The organics help the microorganisms that break down the organic matter into a usable form for the plant. The microorganisms also move around in the soil, aerating it which makes roots grow deeper, so the roots can collect water and nutrients deeper in the soil, which means you save money on water and fertilizer!

Monday, June 4, 2012

Some Benefits of Organics

As the summertime heat and humidity begin to move into the Lowcountry, I want to remind you of some of the benefits of using organic fertilizers, composts, mulch, wetting agents with biostimulants, and bridge products. Some of the things I write about are generalizations (ex. 10-10-10 is all synthetic – a fertilizer blender could put organic filler in the formula, but not likely).

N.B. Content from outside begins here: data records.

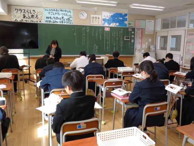 1年生の国語です。落ち着いてしっかりと授業に取り組んでいます。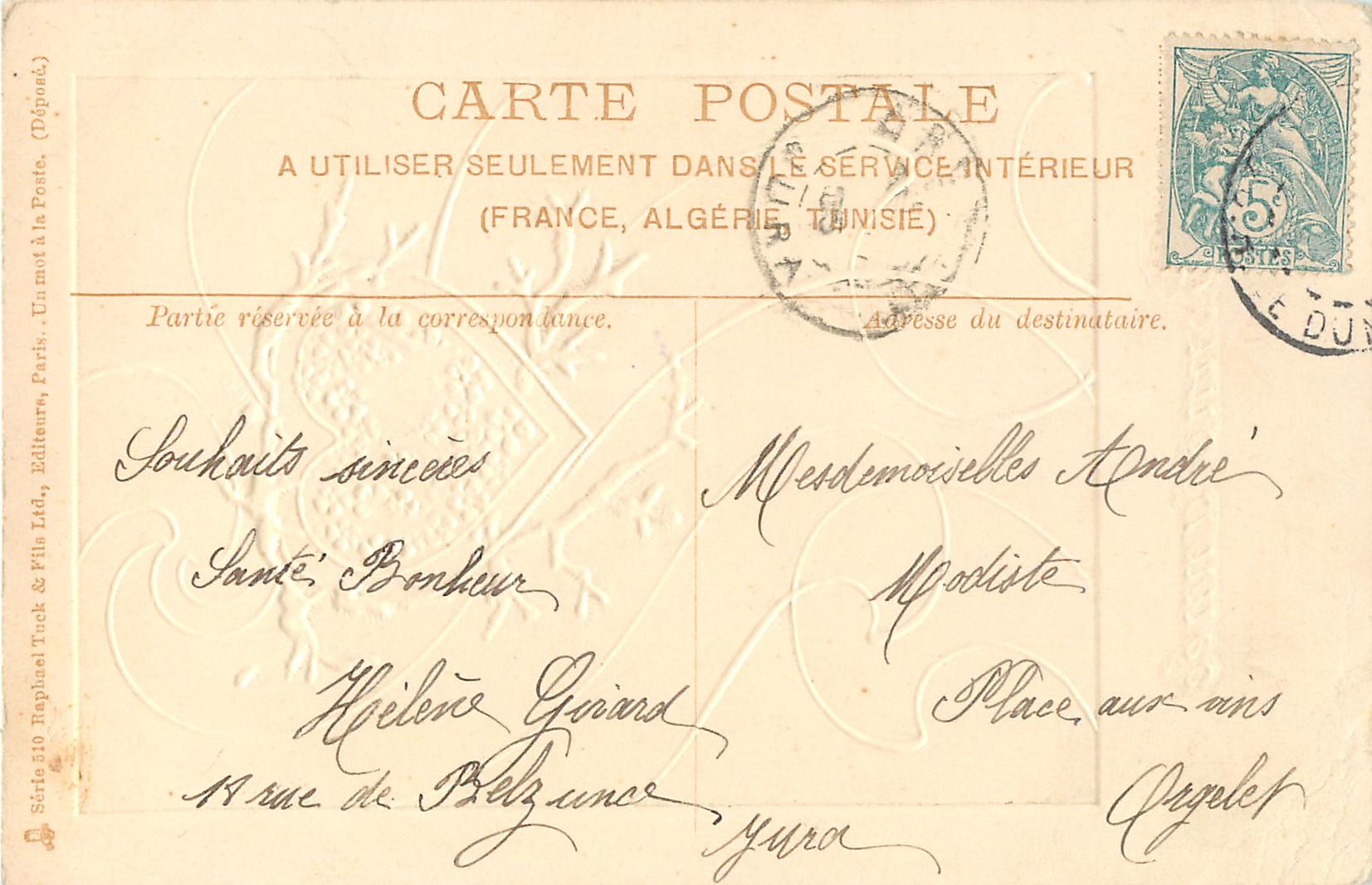 gilt embossed, UN MOT A LA POSTE, (DEPOSE)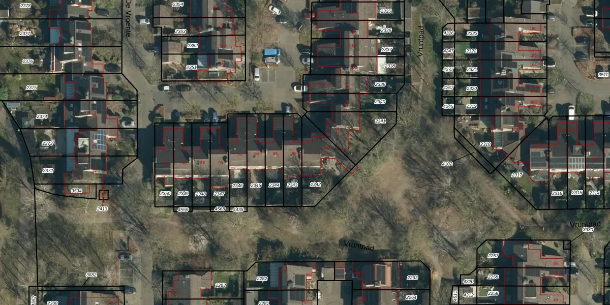 Het perceel waarop De Vroente 100 staat heeft een oppervlakte van 296 m². Dit is een middelgroot perceel. De perceeloppervlakte wordt geregistreerd door het Kadaster. Gedetailleerde informatie over de maten van dit perceel kunt u vinden in het rapport Kadastrale kaart met maatvoering van De Vroente 100.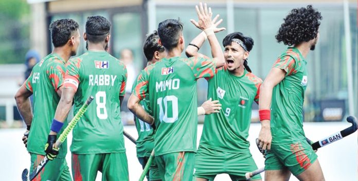 রোমাঞ্চকর জয়ে এশিয়ান গেমস হকির বাছাই শুরু করেছে বাংলাদেশ। শুরুতে পিছিয়ে পড়ার ধাক্কা দ্রুত সামলে নিল বাংলাদেশের ছেলেরা। এরপর ছড়ি ঘুরিয়ে ম্যাচের নিয়ন্ত্রণ নিয়ে নেন আশরাফুল–আমিরুলরা। সহজ জয়ের পথে ছোটা দলের পথটা শেষ দিকে কঠিন করে তোলে চাইনিজ তাইপে, কিন্তু আটকাতে পারেনি বাংলাদেশকে। ব্যাংককের রয়েল থাই এয়ারফোর্স হকি মাঠে গতকাল বৃহস্পতিবার পুল ‘বি’–র ম্যাচে চাইনিজ তাইপের বিপক্ষে ৪–৩ গোলে জিতেছে বাংলাদেশ। জোড়া গোল করেন আশরাফুল ইসলাম; একটি করে গোল দ্বীন ইসলাম ইমন ও আমিরুল ইসলামের। প্রথম কোয়ার্টারের চতুর্থ মিনিটে এগিয়ে যায় চাইনিজ তাইপে। এই কোয়ার্টারের শেষ দিকে পেনাল্টি কর্নার থেকে সমতা ফেরান আশরাফুল। দ্বিতীয় কোয়ার্টার বাংলাদেশ শেষ করে আশরাফুলের পেনাল্টি কর্নারের গোলে এগিয়ে থেকে। তৃতীয় কোয়ার্টারে পেনাল্টি কর্নার (পিসি) থেকে আমিরুল লক্ষ্যভেদ করলে ব্যবধান বাড়িয়ে নেয় বাংলাদেশ। ৫৯তম মিনিটে ইমন দলের চতুর্থ গোলটি করার পর মুহূর্তের মধ্যে দুই গোল হজম করে বসে দল। তবে শেষ পর্যন্ত ন্যুনতম ব্যবধান ধরে রেখেই জয় নিয়ে মাঠ ছাড়ে বাংলাদেশ। নিজেদের দ্বিতীয় ম্যাচে শুক্রবার বাংলাদেশ খেলবে শ্রীলঙ্কার বিপক্ষে। পুল ‘এ’ ও ‘বি’ মিলিয়ে বাছাইয়ে এবার অংশ নিচ্ছে নয় দল। এদের মধ্যে শীর্ষ ছয় দল পাবে আগামী সেপ্টেম্বরে জাপানে হতে যাওয়া এশিয়ান গেমসে খেলার সুযোগ পাবে। এশিয়ান গেমসের হকি ইভেন্টে বাংলাদেশ এ পর্যন্ত এশিয়ান গেমসে ১১ বার অংশ নিয়েছে। এর মধ্যে ১৯৭৮ ও ২০১৮ সালে ষষ্ঠ হওয়াই সর্বোচ্চ সাফল্য।

When you purchase a typical 10-10-10 fertilizer, you are getting 30% nutrients and the rest of the bag is filler (70%). Filler usually consists of drying agents to keep the fertilizer from absorbing moisture and becoming clumpy. Filler is also limestone or other non-nutritional ingredients. The nutrients in a 10-10-10 are water soluble so the plant can absorb them. The 10-10-10 is usually all fast release, so once it goes out the plant better be ready to take it in, or the Nitrogen (what part hasn’t already volatized into the atmosphere as N2 gas) and the Potassium will leach through the soil profile or run-off into non-target areas.

Unlike humans, plants uptake only the nutrients that they need. No obese plants out there! A natural or organic fertilizer may have a lower N-P-K ratio; however, all the ingredients are either a food source for soil organisms, plant essential minerals or micro-nutrients. Organic fertilizers are not water soluble, and depend on beneficial soil organisms to convert the nutrients into a form that the plant can uptake. This is the same process that feeds the trees from fallen leaves and limbs in the woods. This process is the true, original slow release fertilizer. Nothing is lost to evaporation or run-off which is good with all the water around here.

With an organic fertilizer you generally have slow steady growth as the soil organisms meter out the nutrients. Slow steady growth is easier to maintain and less susceptible to disease and insect attack. The plant will grow deeper roots, making it more drought tolerant; therefore requiring less water (lower water bill).

A 10-10-10 might cause “flush growth” that requires more hedge trimming or mowing. The plant will be more susceptible to disease and insects. Excessive fertilization could also add to thatch in the lawn areas. A plant that is putting out a lot of new growth is often sacrificing root growth for top growth and the landscape needs more water as a result.